Natalie Frampton, from Dorset, who has worked for top trainer Paul Nicholls, believes that the race is affected by bad publicity.

“Horses unfortunately die everyday all over the world in every kind of sport, showjumping, eventing, and hunting, but even more importantly more die due to neglect.

“The horses that run in the National are loved and looked after, I should know as I’ve looked after one.”


“I genuinely think the racecourse has done the best job they can possibly do and still keep the race a true Grand National. Of course they can make the race shorter but surely that’s what the Beecher’s Chase [a race involving one circuit of the National fences] is for?

“The course has an incredible team of vets but that’s not something everyone gets to see as its behind closed doors as all horses are checked over by vets before the race.”

However, the four-and-a-half mile distance of the race is the equine equivalent of a marathon and as such can lead to tiredness. When a horse is tired there is a greater risk of it falling as a result of carelessness.

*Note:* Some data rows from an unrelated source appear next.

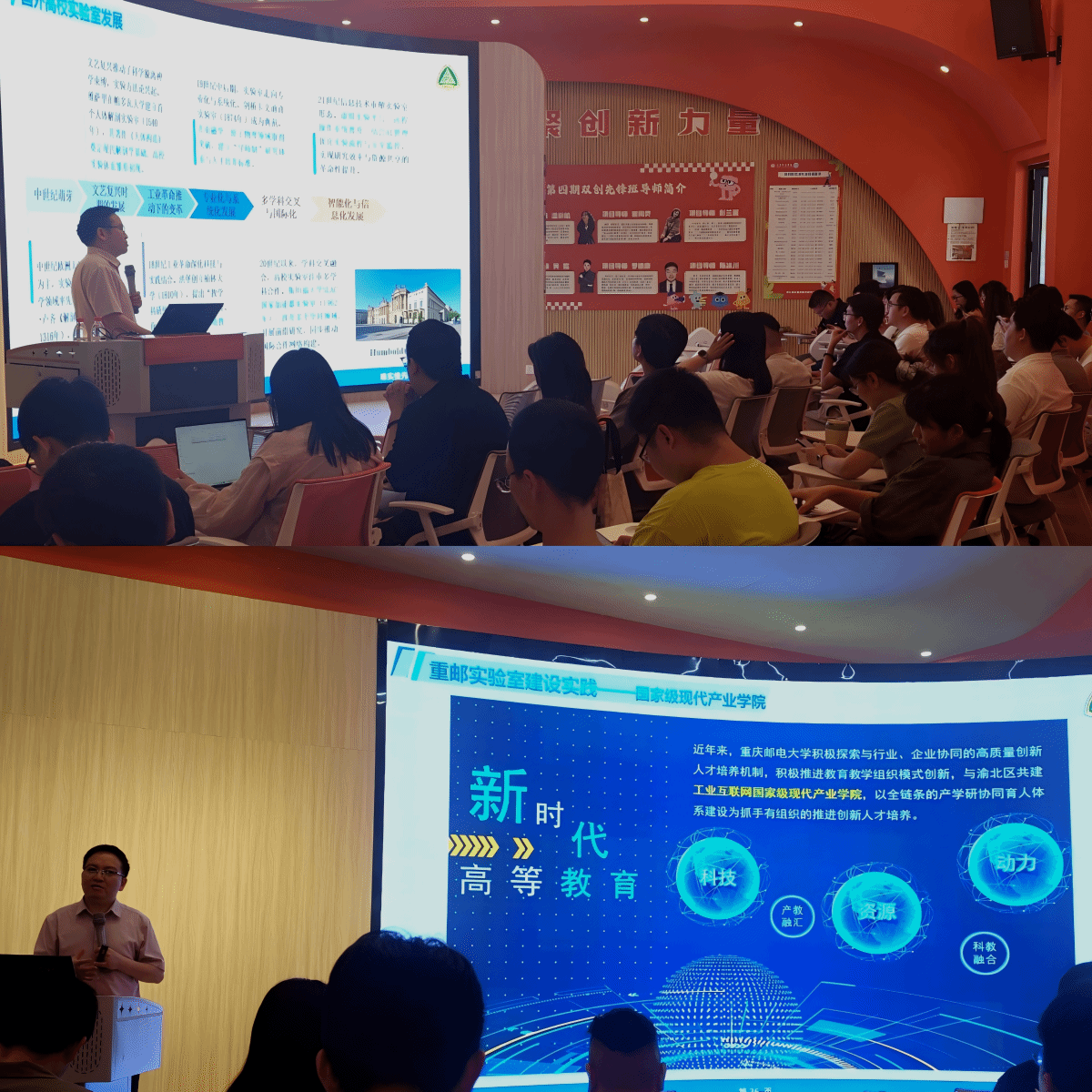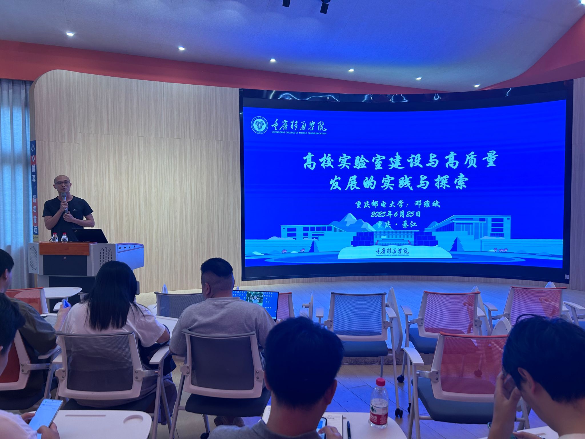 接着,由合川校区实验教学管理中心钟波副主任主持《高校实验室建设与高质量发展的实践与探索》主题培训,培训面向我校与实验室建设工作相关的教师。会议当中,邓维斌教授针对高校实验室起源与发展、实验室评价与建设、学科竞赛体系构建、实验室运行与管理等内容进行了分享。结合重邮实践,他详细介绍了国家级移动通信示范中心、市级经济管理实验中心等案例,包括其构建的“两维度三层次”实践教学体系、实践能力达标测评体系等创新机制。强调了虚拟仿真技术的深度应用,如建设国家级虚拟仿真实验教学中心、开发“红色通信”等特色虚拟仿真项目、打造“新一代信息通信技术实践教学平台”(入选重庆市首批产教融合虚实一体化平台),有效拓展了实验教学的深度和广度,并实现优质资源的开放共享。同时,他也分享了AI赋能实验教学模式创新、以及运用智慧平台(如实验室危化品管理及巡检平台)提升安全管理效能等经验,为高校实验室的现代化建设和高质量发展提供了系统方案。
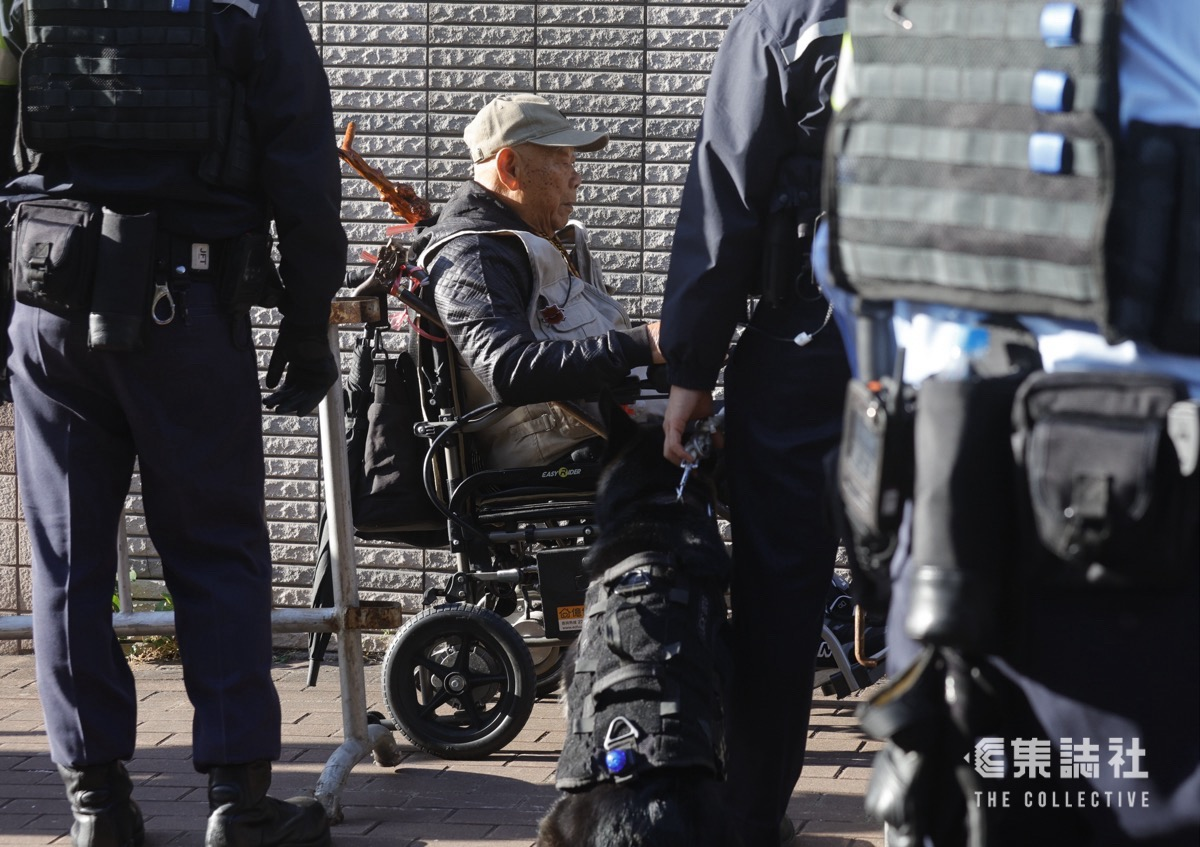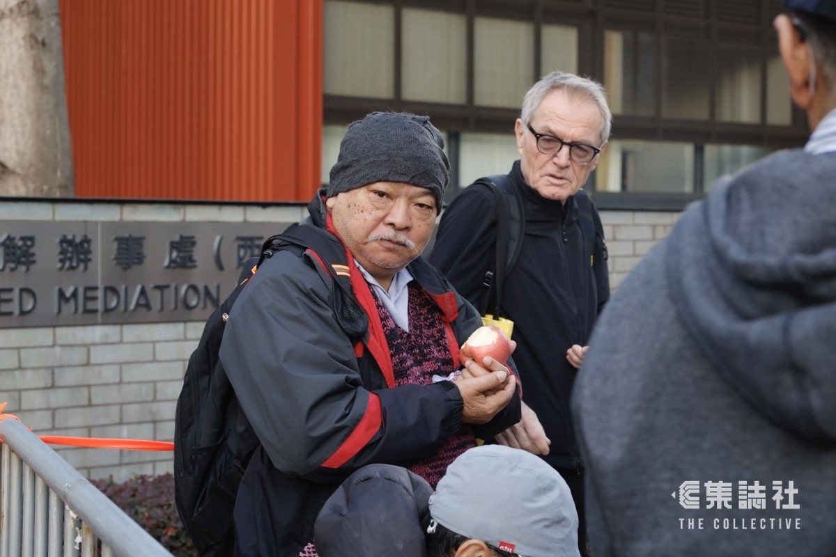 過去一直旁聽多宗案件、年過百歲的大黃伯,今日坐著輪椅堅持到場排隊旁聽。去年 6 月和 11 月,大黃伯旁聽 47 人求情和判刑時,曾表示受「腳腫」困擾,撐著兩枝拐杖、要人撐扶。今年 8 月中,控辯雙方開始就蘋果案進行結案陳詞時,大黃伯亦有到場旁聽。
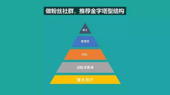 做粉丝社群推荐金字塔结构而不推荐环形结构,原因是金字塔结构会将社群里的人群细分成几个不同层次的人,而所有人都需要认可群主,有利于粉丝文化打造。
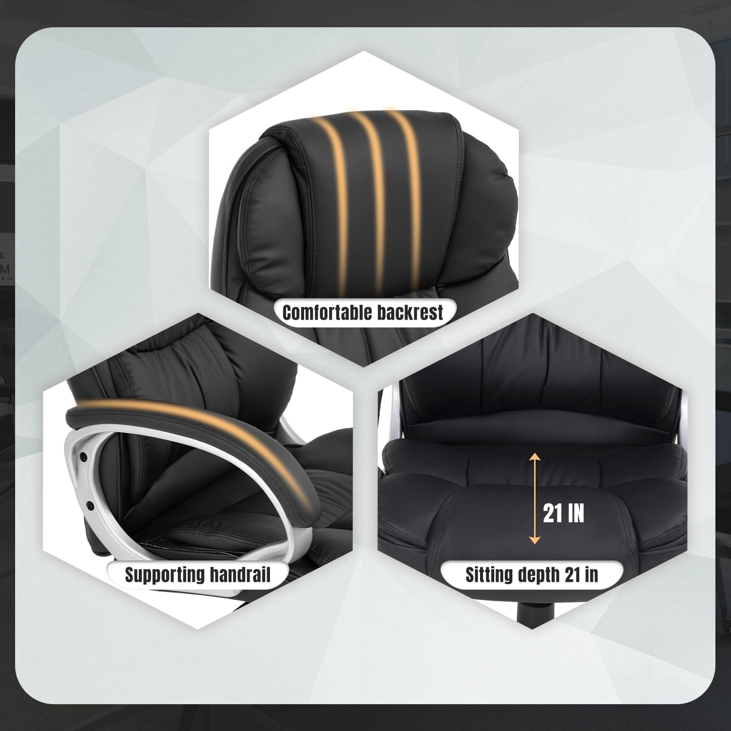 SLEEK, MODERN DESIGN – Work in style at the office or at home with this ergonomically-designed, high-back office chair. Lined with soft PU leather that is both oil and water resistant, our chair is both eye-catching and long-lasting.
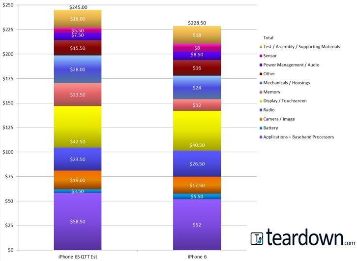 Phí linh kiện là 245 USD trong khi giá bán ra của một chiếc iPhone 6S 64 GB là 749 USD. Teardown cho hay, chi phí linh kiện của iPhone 6S cao hơn khoảng 16,5 USD so với phiên bản iPhone 6 năm ngoái, phần lớn là do chip xử lý mới, camera và cảm biến 3D Touch.
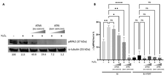Inhibition of ATM or ATR impairs ROS-induced replication stress in BJ cells. BJ and BJ-hTERT cells were subjected to the inhibitors KU-60019, an ATM kinase inhibitor (1–3 µM), and BAY-1895344, an ATR inhibitor (5–25 nM) for 1 h, before the addition of 400µM H2O2 for another hour. (A) A representative Western Blot showing the decrease of pRPA2 levels upon treatment with ATM and ATR inhibitors in BJ cells. As a loading control, α-tubulin is shown. Intensity ratios of the pRPA2 lower band normalized to α-tubulin, and relative to BJ cells without treatment, are indicated below the blot (in %). (B) The bar plot evaluates the impact of H 2O2 on pRPA2 foci formation after ATM and ATR inhibition in BJ and BJ-hTERT cells. One-way ANOVA test was applied, followed by a Fisher’s LSD post hoc test, with a confidence interval of 95%. A total of 310 cells were counted from n = 2 independent experiments. ns (p > 0.05), * (p ≤ 0.05), ** (p ≤ 0.01), **** (p ≤ 0.0001).
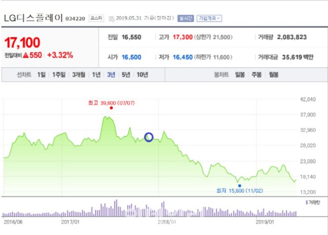 ÇÏÁö¸¸ ½Ã°£À» ºÒ°ú 1~2³â ÀüÀ¸·Î µÇµ¹·Áº¸¸é ´ç½Ã À̵é ȸ»ç °æ¿µÁøµéÀÇ ÀÚ»çÁÖ ¸ÅÀÔÀÌ °á°úÀûÀ¸·Î ÁÖ°¡ »ó½ÂÀ¸·Î À̾îÁöÁø ¾Ê¾Ò´Ù´Â »ç½ÇÀ» ¾Ë ¼ö ÀÖ½À´Ï´Ù. LGµð½ºÇ÷¹ÀÌÀÇ °æ¿ì 2017³â ÇÑÇØ ¿µ¾÷ÀÌÀÍÀÌ 2Á¶ 4616¾ï¿ø¿¡ ´ÞÇÏ´Â »ç»ó ÃÖ´ë ½ÇÀûÀ» °ÅµÐ Á÷ÈÄÀÎ 2018³â 1ºÐ±â Áß±¹ BOEÀÇ LCD(¾×Á¤Ç¥½ÃÀåÄ¡) Àú°¡°ø¼¼·Î ÀÎÇØ ÀûÀÚ ÀüȯµÇ¸ç 983¾ï¿øÀÇ ¿µ¾÷¼Õ½ÇÀ» ±â·ÏÇß½À´Ï´Ù. 1ºÐ±â ½ÇÀû ¹ßÇ¥ ¾ó¸¶ µÚÀÎ ±×ÇØ 5¿ù 8ÀÏ ÇÑ»ó¹ü ºÎȸÀåÀº ÀÚ»çÁÖ 1¸¸ 7000ÁÖ¸¦ Æò´Ü 2¸¸ 3662¿ø¿¡ Àå³» ¸Å¼ö Çß½À´Ï´Ù.
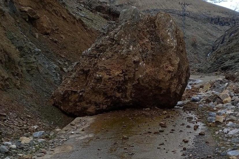 Yamaçtan düşen kaya, köy yolunu ulaşıma kapattı
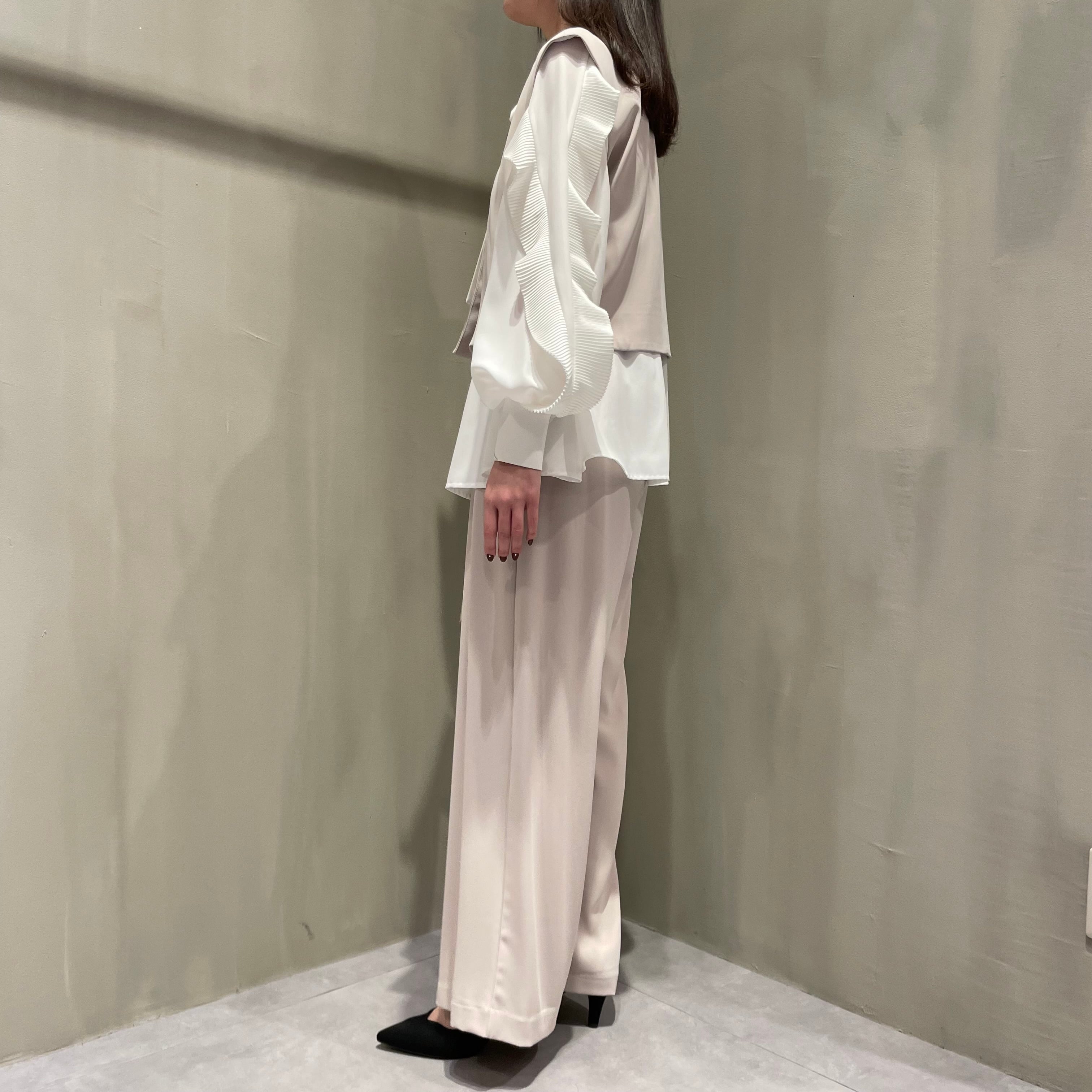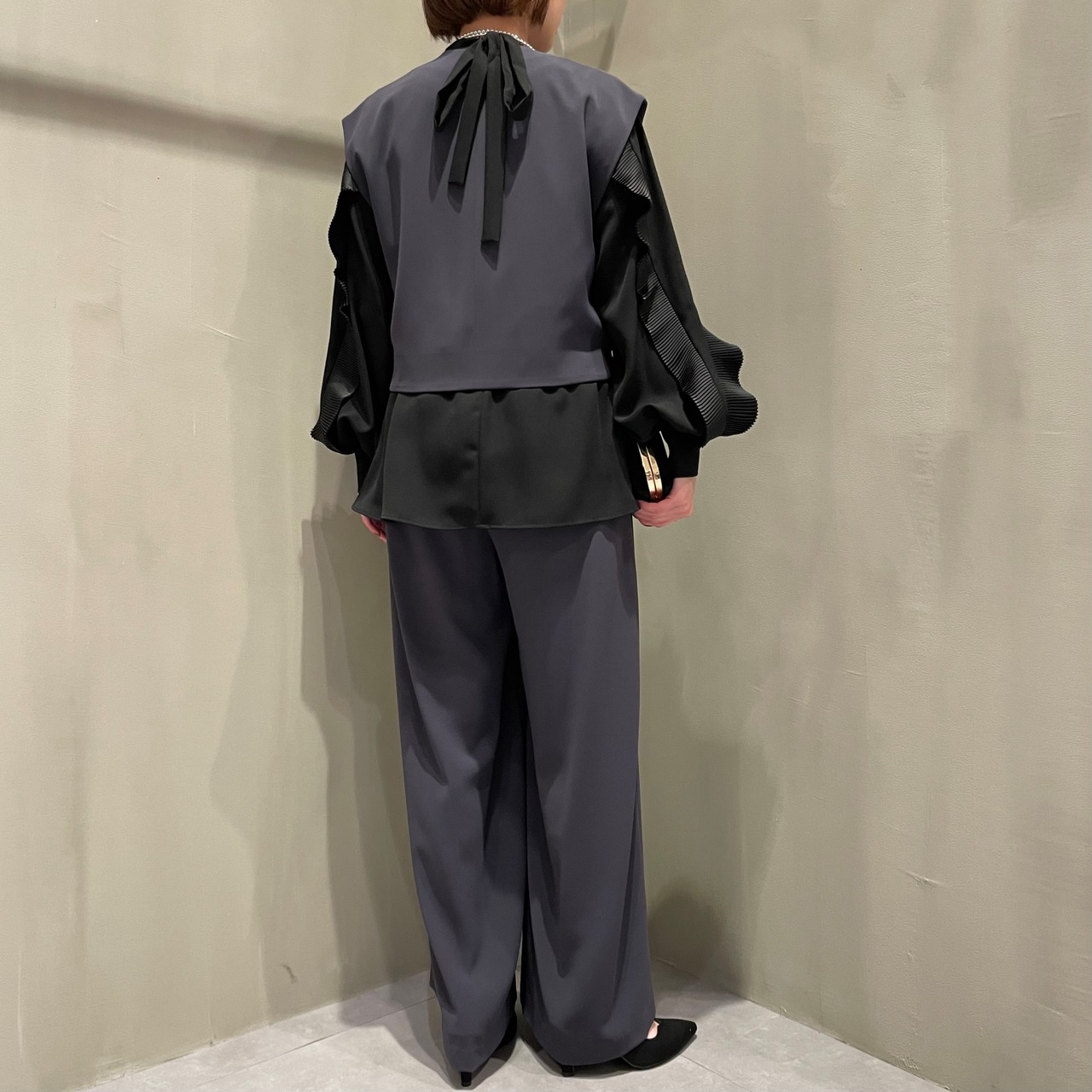 同素材のパンツやサロペットを合わせたセットアップスタイルでセレモニーシーンにもおススメです。

Also, the National is renowned for its unique fences, which differ hugely, from Beechers Brook, which has a huge drop on the landing side of the fence, to The Chair, which is the widest on the course and has a three-foot deep ditch.

Arguably these types of fences are a significant factor in why so many horses and riders fall but the size of the field is also critical.

With 40 runners in the race, there is the greater likelihood of those in front falling and tripping up the runners behind them. No other race in the world has so many runners and many argue that the field size is more dangerous than the height of the fences.